Previous literature on the subject is sparse, especially in men. A single smaller prospective study suggested no association between BMI and risk of IBD in men and women16, whereas two studies in women reported an association between elevated BMI and increased risk of CD, but not UC7. The DNBC study, which was based on younger Danish women, additionally provided evidence that low as well as high BMI was a risk factor for a diagnosis of CD before the age of 4010 as did an earlier case-control study. In the present study, with longer follow-up after BMI measurement, low BMI was found to be a risk factor for the development of CD up to the age of 60. This may also relate to sex-differences in the association between BMI and disease risk.

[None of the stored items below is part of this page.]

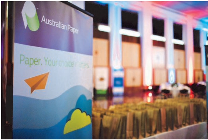
Major Sponsor Australian Paper used the dinner as an opportunity to launch their new initiative 'Creating a Tonne of Value'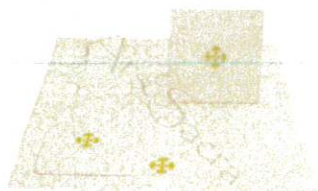
Burse, maniple, chalice veil set (cream, red, rose, purple, green)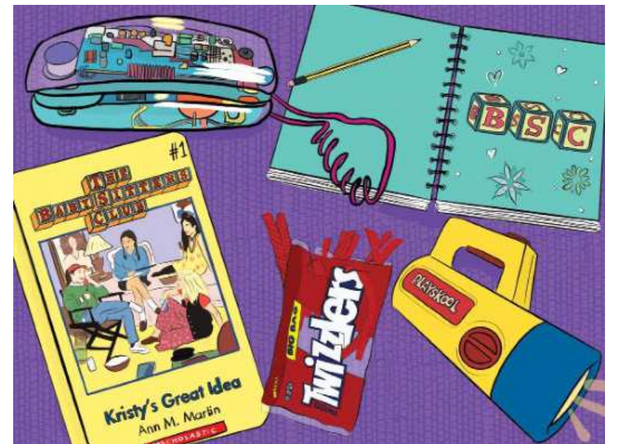
ILLUSTRATION: ABRESHMI ANIKA CHOWDHURY / @ABRUSHMI

Netflix's adaptation of The Baby-Sitters Club , released on July 3, pulls off the tricky feat of setting this story in 2020, while staying true to all that avid fans loved about the book series. Much like the books, each instalment of the show revolves around and is narrated by a particular character. This lets each of the girls flesh out their individual stories and relationships. Small details from the analogue days enrich this adaptation—the baby-sitters still use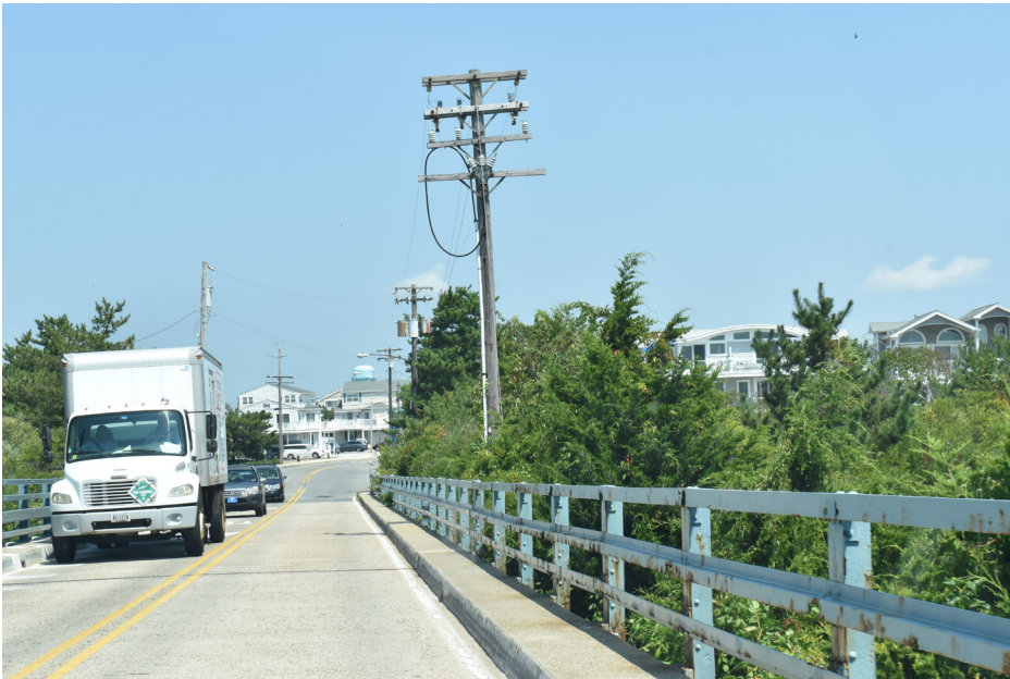
338 Sea Isle City - Ocean Drive Bridge Entering Sea Isle City N

Categorization of BMI may influence results. In the NHS population from the US with a higher prevalence of overweight, and a lower prevalence of smoking, low BMI at baseline was not statistically significantly associated with CD risk (HR, 1.14; 95% CI, 0.81–1.60), but the lowest BMI category was defined by BMI < 20 kg/m2, rather than by the WHO measure of underweight of BMI < 18.517 used in the present study. In our additional analysis we found that low normal BMI (BMI18.5- < 20 kg/m2) was associated with an almost identical HR to that seen in the Nurses’ Health Study for BMI < 20.

In the only study in children, aged 7–13 years, from the Copenhagen School Health Records Register (CSHRR), BMI was positively associated with CD diagnosed before the age of 30, but not thereafter. Notably, low BMI did not associate with CD for either sex among school children, nor was there any evidence of a non-linear association, despite the fact that children were drawn from the same population as the conscripts of the present study18. There was however a modest association of low BMI with risk of UC.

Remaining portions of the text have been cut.